More than two dozen House members have introduced a bill which might prevent future Ed Rosenthal-style prosecutions.  If the so-called Truth in Trials Act (H.R. 1717) passes both houses of Congress, future Ed Rosenthals will have a fighting chance in court.  The bill would amend federal law to allow defendants arrested on marijuana charges to introduce evidence that their activities “were performed in compliance with state law regarding the medical use of marijuana.”

Excuse me, but why does it take an Act of Congress (as the saying goes) to allow evidence to be admitted in a trial?

The jurors were also outraged:  Five of them called a press conference to apologize and call for a new trial after learning of the withheld evidence.

The Election:

This information popped up during a search for information on either a lawsuit or criminal charges (or the lack either) concerning violations of the Hatch Act by the Office of National Drug Control Policy and its director, drug czar John Walters.  The Hatch Act, originally enacted in 1887, bars federal employees from carrying out certain campaign-related activities.  Walters crisscrossed the country in the months leading up to the November 2002 elections, making stops in many states to campaign against marijuana reform efforts.
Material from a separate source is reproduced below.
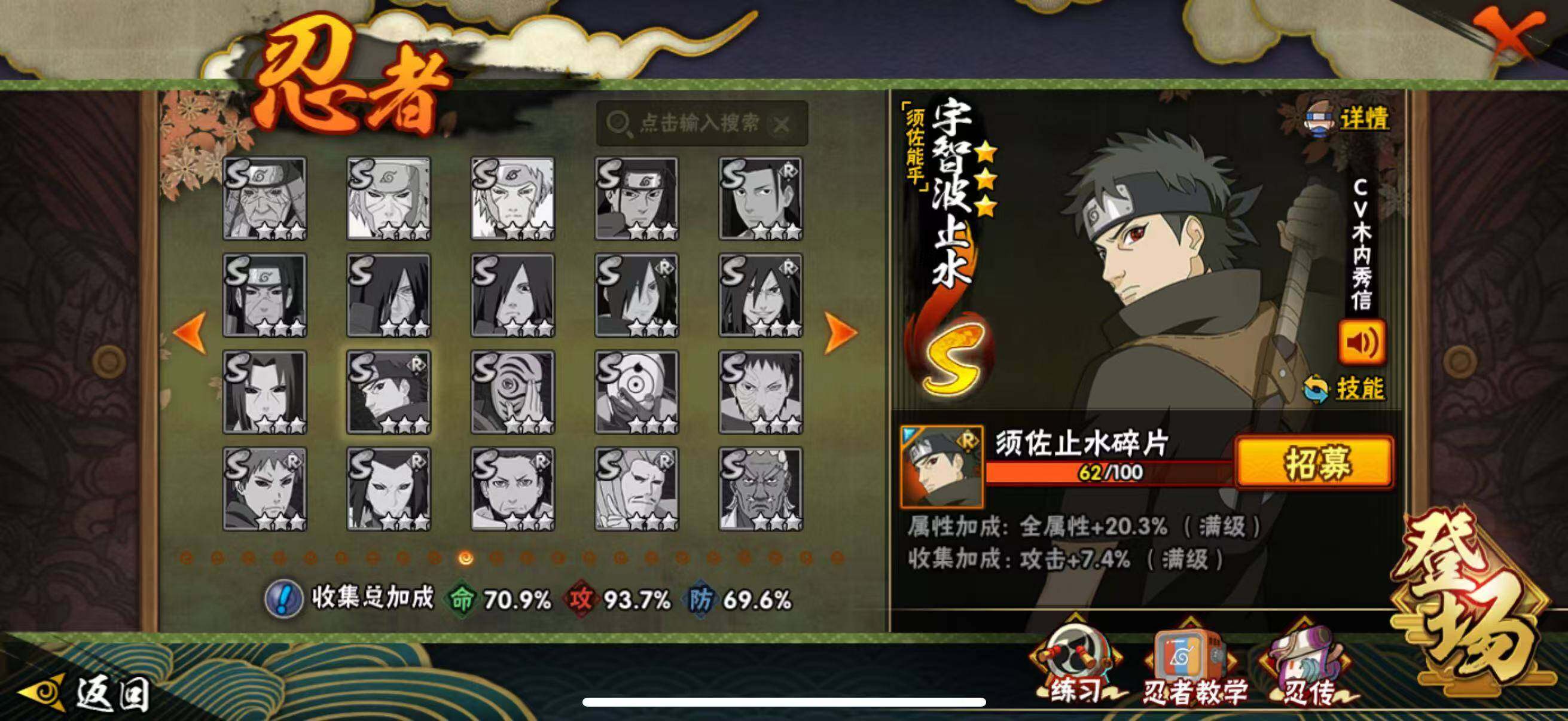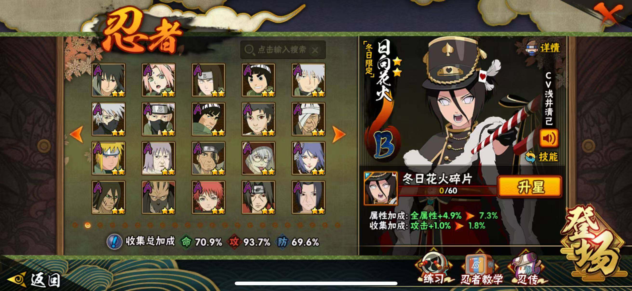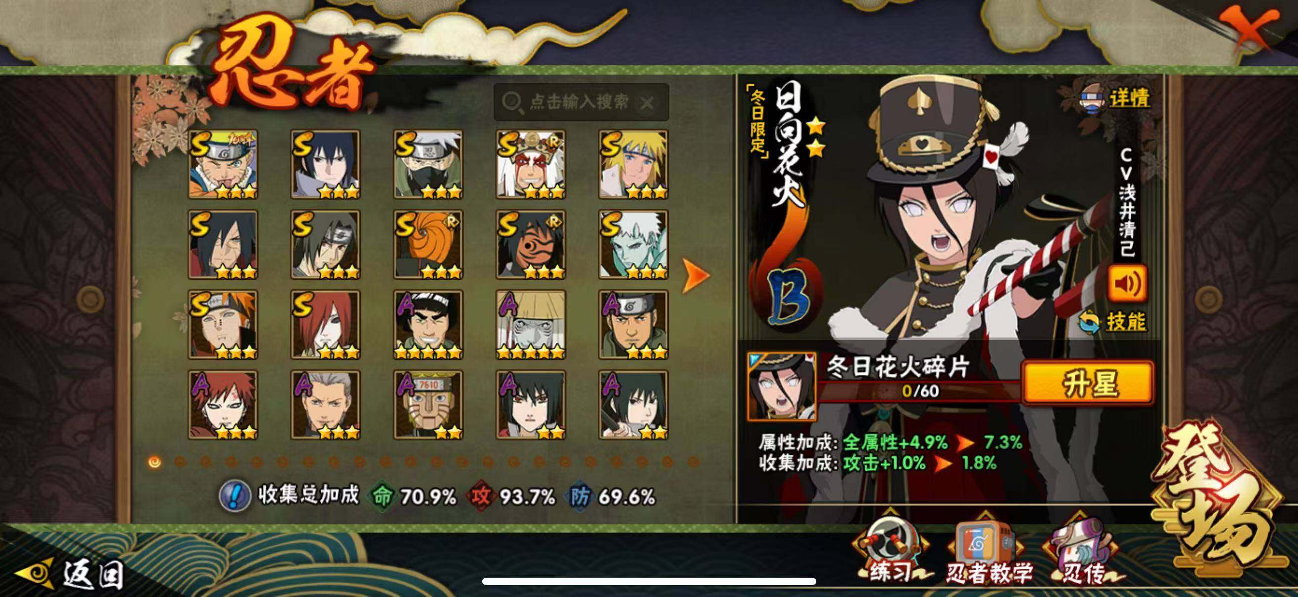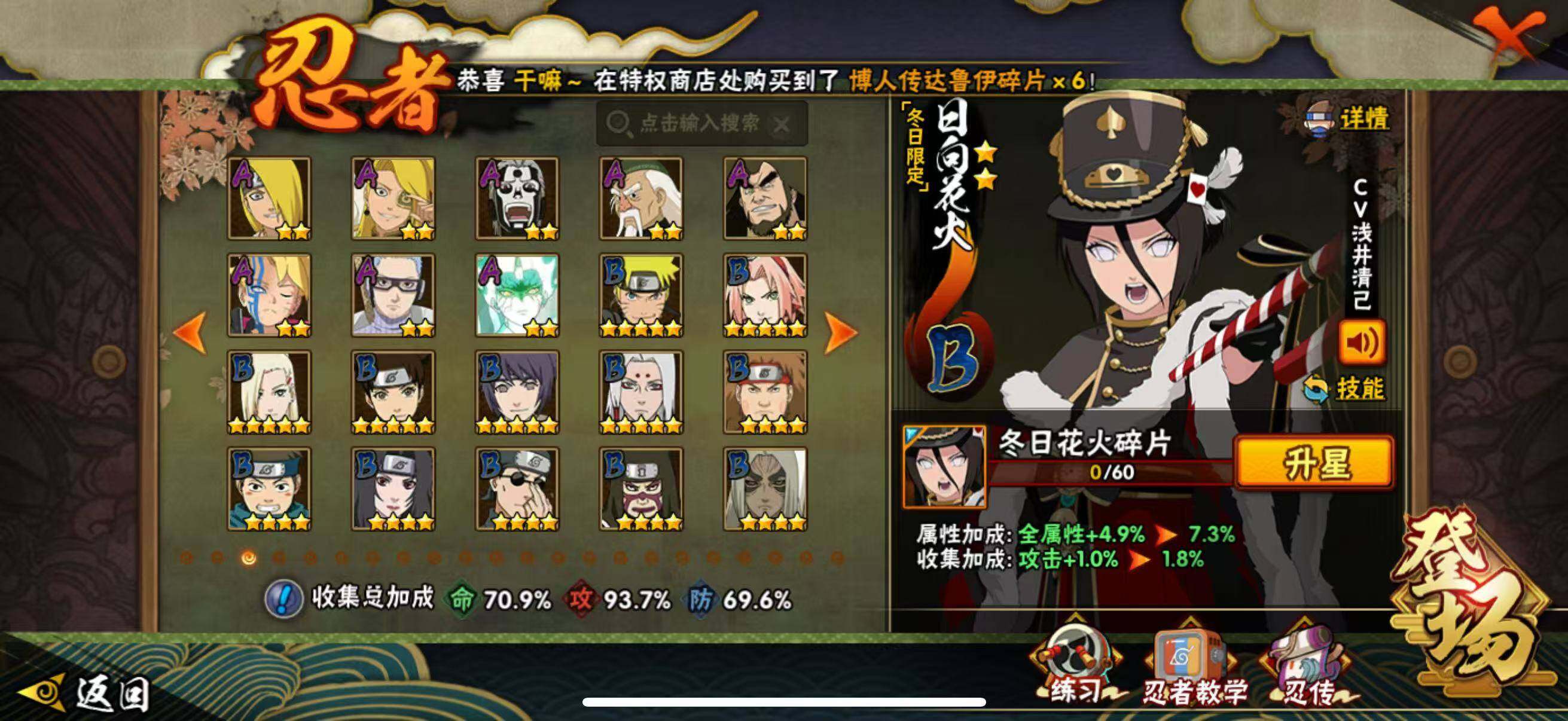 VIP等级V10/战力764W/S忍数量12/A忍数量36/忍

The Marijuana Policy Project, which initiated the one of the ballot questions that Walters opposed, filed a complaint in December with the U.S. Office of Special Counsel, an independent federal investigator and prosecutor.  And now it seems that any news on it has gone silent.  Not a single item on the Web about anything other than the initial filing.

This opinion piece on Hutchinson and Walters gives some background about their extreme anti-drug stances.  (Hutchinson was also named as a violator of the Hatch Act, but doesn’t not seem to be included in the suit.)  One item that jumped out was that in 1999 Hutchinson “proposed Congress amend the Hatch Act … so that federal monies could be used specifically to influence voters to reject state drug-law-reform initiatives.”  No plausible denial about ignorance of the law there.